Records follow. Print exactly the lines from the one that has "2月18日,人们在新馆内参观明孝陵地面建筑模型。新华社记者 孙参 摄" through the one that has "所以,现在求曲线f(x)=x", inclusive, and omit the pictures.

▶ [RECORDS SUPPLIED]:
--*--

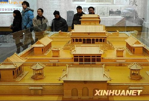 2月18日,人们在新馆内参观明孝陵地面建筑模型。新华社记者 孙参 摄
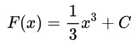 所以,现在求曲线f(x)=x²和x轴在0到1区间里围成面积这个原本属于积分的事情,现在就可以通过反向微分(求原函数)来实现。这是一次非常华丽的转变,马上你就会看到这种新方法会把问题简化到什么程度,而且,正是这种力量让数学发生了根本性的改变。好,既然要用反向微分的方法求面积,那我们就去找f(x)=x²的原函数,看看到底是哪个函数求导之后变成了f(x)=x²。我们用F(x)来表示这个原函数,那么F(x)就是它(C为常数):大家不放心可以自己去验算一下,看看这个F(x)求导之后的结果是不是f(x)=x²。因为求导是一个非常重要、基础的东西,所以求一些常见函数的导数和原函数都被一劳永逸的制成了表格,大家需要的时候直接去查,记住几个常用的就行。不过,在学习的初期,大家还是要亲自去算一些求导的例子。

--*--

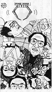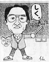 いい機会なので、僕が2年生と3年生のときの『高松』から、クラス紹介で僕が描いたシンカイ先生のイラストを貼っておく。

--*--

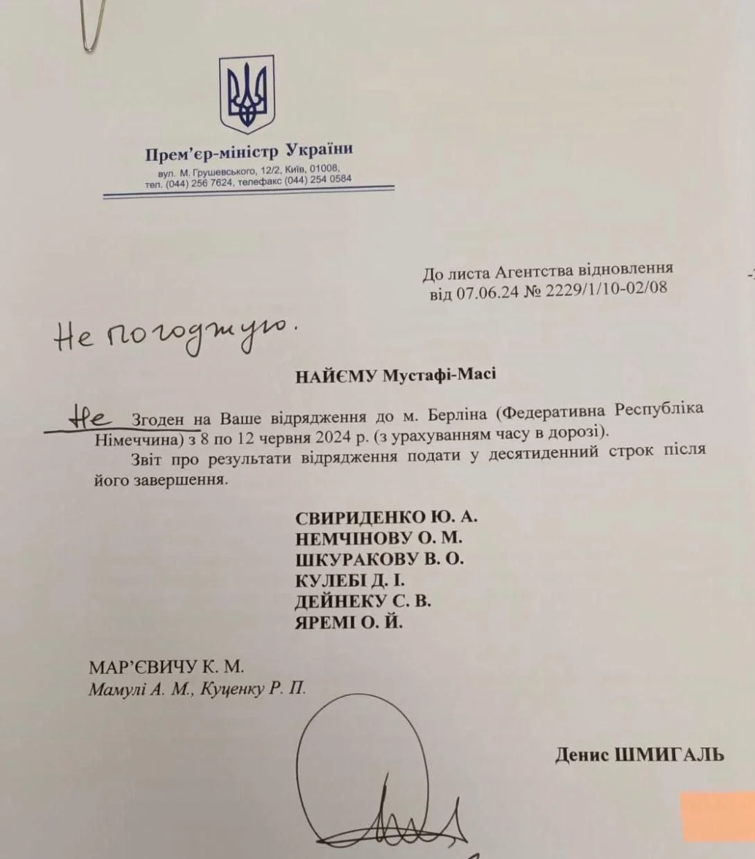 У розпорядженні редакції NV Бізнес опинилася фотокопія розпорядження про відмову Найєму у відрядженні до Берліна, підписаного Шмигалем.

--*--

▶ [ANSWER TO THE PROBLEM]:
 2月18日,人们在新馆内参观明孝陵地面建筑模型。新华社记者 孙参 摄
 所以,现在求曲线f(x)=x²和x轴在0到1区间里围成面积这个原本属于积分的事情,现在就可以通过反向微分(求原函数)来实现。这是一次非常华丽的转变,马上你就会看到这种新方法会把问题简化到什么程度,而且,正是这种力量让数学发生了根本性的改变。好,既然要用反向微分的方法求面积,那我们就去找f(x)=x²的原函数,看看到底是哪个函数求导之后变成了f(x)=x²。我们用F(x)来表示这个原函数,那么F(x)就是它(C为常数):大家不放心可以自己去验算一下,看看这个F(x)求导之后的结果是不是f(x)=x²。因为求导是一个非常重要、基础的东西,所以求一些常见函数的导数和原函数都被一劳永逸的制成了表格,大家需要的时候直接去查,记住几个常用的就行。不过,在学习的初期,大家还是要亲自去算一些求导的例子。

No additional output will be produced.